ZEN-NOH
- Company type: Cooperative federation
- Industry: agriculture
- Founded: 1972
- Headquarters: Japan
- Number of employees: 12,557
- Website: zennoh.or.jp

= Zen-Noh =

Japanese federation of agricultural cooperatives

The National Federation of Agricultural Co-operative Associations (全国農業協同組合連合会, Zenkoku Nōgyō Kyōdō Kumiai Rengōkai), in short ZEN-NOH (全農, Zennō), is a federation of agricultural cooperatives in Japan. ZEN-NOH was formed in 1972 with the joining of the ZENHANREN group (National Marketing Federation of Agricultural Cooperative Associations) and the ZENKOREN group (National Purchasing Federation of Agricultural Cooperative Associations). ZEN-NOH consists of 1,173 agricultural cooperatives and federations that in 2004 had a combined revenue of $53.8 billion (USD).
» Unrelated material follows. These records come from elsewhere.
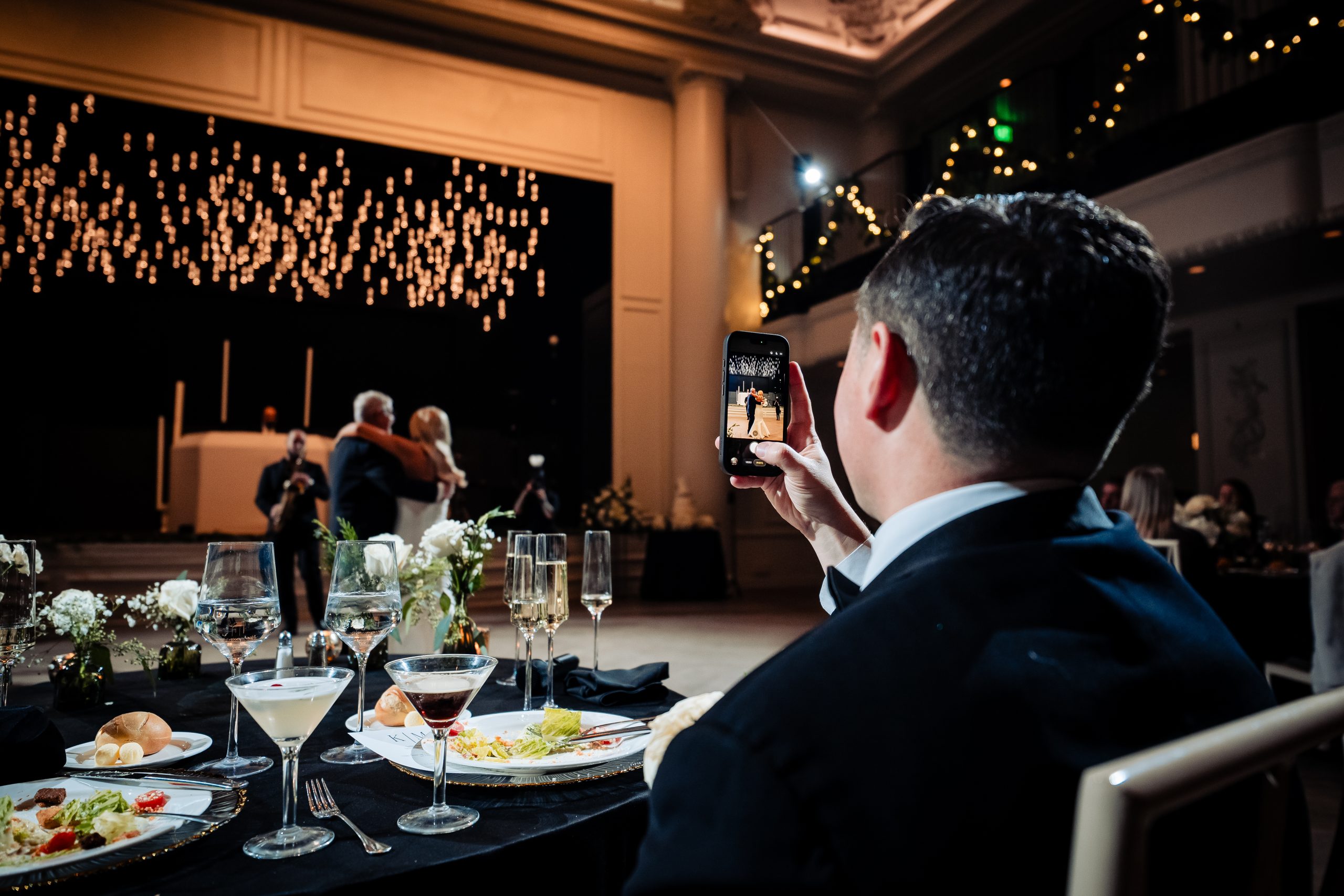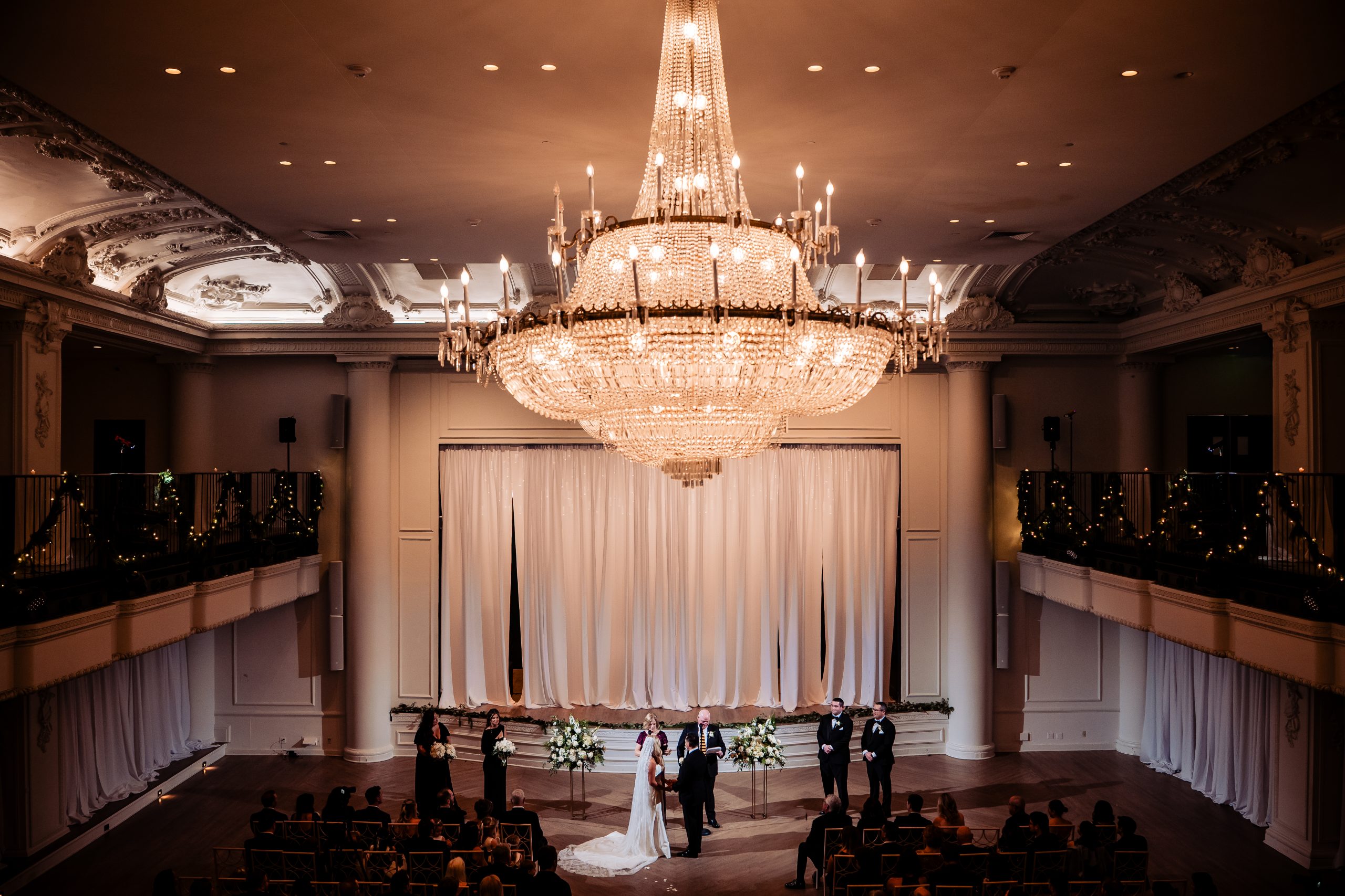 As photographers and videographers, we love how the ballroom’s design enhances wedding imagery. The chandeliers, ornate molding, and warm interior lighting create depth and dimension in photos and video throughout the day. Every corner of the space offers an elegant backdrop that feels timeless and distinctly Philadelphia.
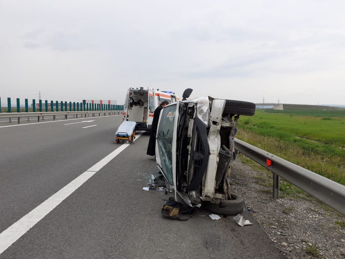 O mașină s-a răsturnat sâmbătă după-amiaza pe Autostrada A10 Sebeș- Turda. În urma accidentului, un bătrân în vârstă de 90 de ani a fost rănit și a fost transportat de urgență la spital.
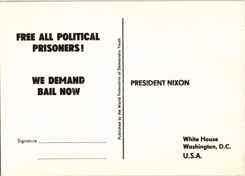 1970 Free Angela Davis. Published by the World Federation of Democratic Youth. Printed address line of President Nixon
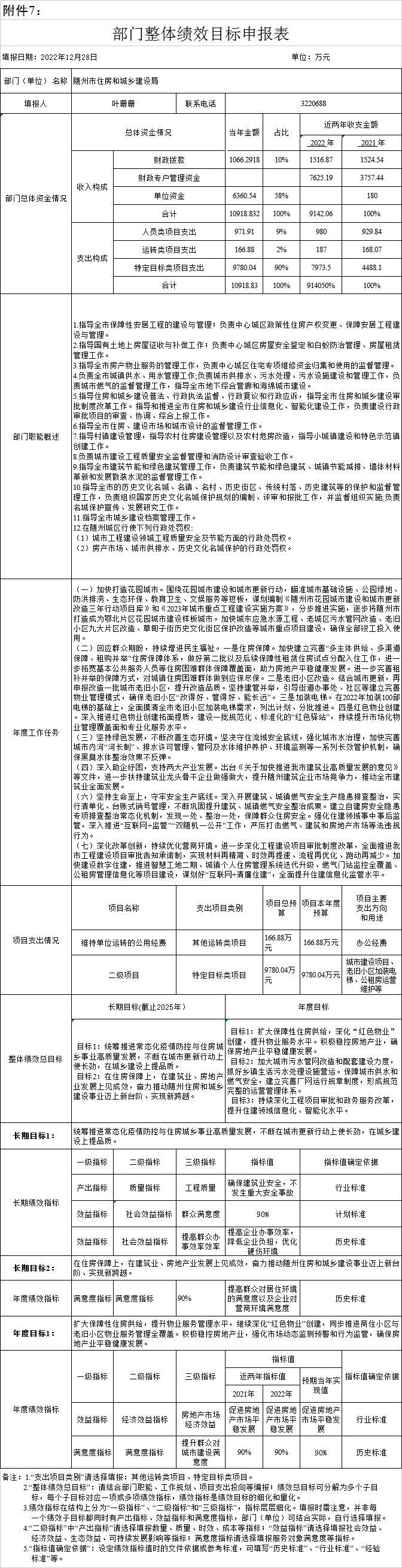 本部门整体绩效目标是:长期目标为统筹推进常态化疫情防控与住房城乡事业高质量发展,不断在城市更新行动上使长劲,在城乡建设上提品质。在住房保障上,在建筑业、房地产业发展上见成效,奋力推动随州住房和城乡建设事业迈上新台阶、实现新跨越。
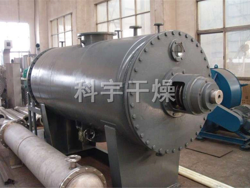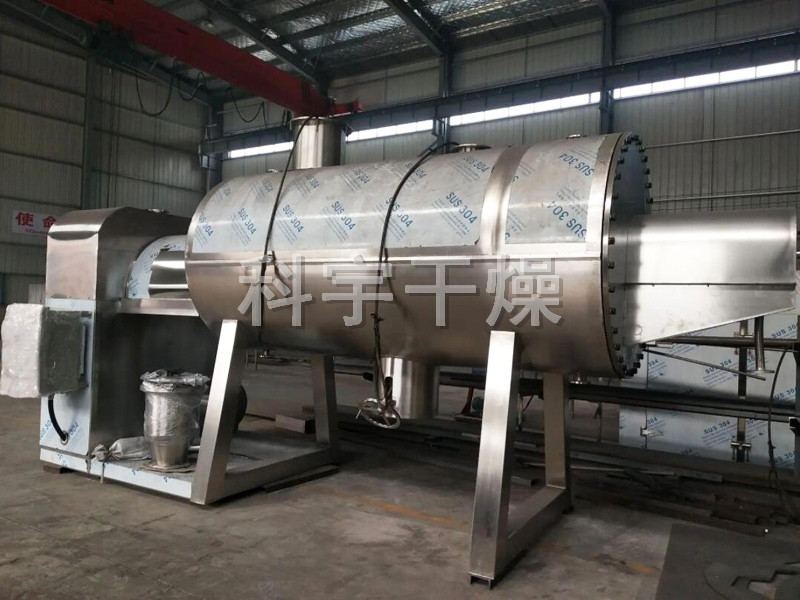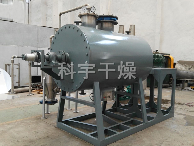 本機(jī)是一種新穎臥式間歇式真空干燥設(shè)備,濕物料經(jīng)傳導(dǎo)蒸發(fā),帶有刮板攪拌器不斷清除熱面上的物料,并在容器內(nèi)推移形成循環(huán)流,水份蒸發(fā)后由真空泵抽出。
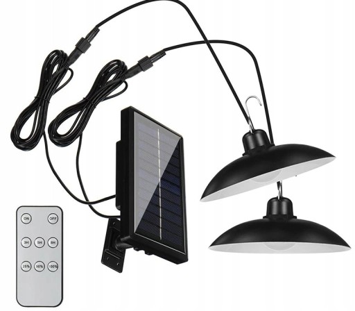 - Estetyczna, wisząca lampa ogrodowa (żyrandol) ( ZESTAW DWIE z czujnikiem zmierzchu. W zestawie uniwersalny uchwyt służący do zamocowania na płocie, dachu czy elewacji. Wyposażona w jasne i energooszczędne diody LED, zasilane z wbudowanego akumulatora oraz panelu słonecznego. Nie wymaga dodatkowych źródeł zasilania. Odpinany moduł z panelem solarnym oraz długi kabel pomiędzy lampą umożliwia zawieszenie panelu solarnego w lepiej nasłonecznionym miejscu niż sama lampa. Pilot zdalnego sterowania IR umożliwia wygodną obsługę lampy.

ZEN-NOH is involved in the marketing, tracking, and quality assurance of the products of its cooperatives. As of 2006, ZEN-NOH has declared that it will not participate in the research and development of genetically modified foods. ZEN-NOH is one of the world's largest importers of animal feeds and agricultural fertilizers. 70% of the sales of chemical fertilizers in Japan are handled by them. ZEN-NOH is also largely involved in the production of farming equipment, primarily tractors.

==Education==
Zen-Noh Grain Corporation, a subsidiary, is headquartered in Covington, Louisiana.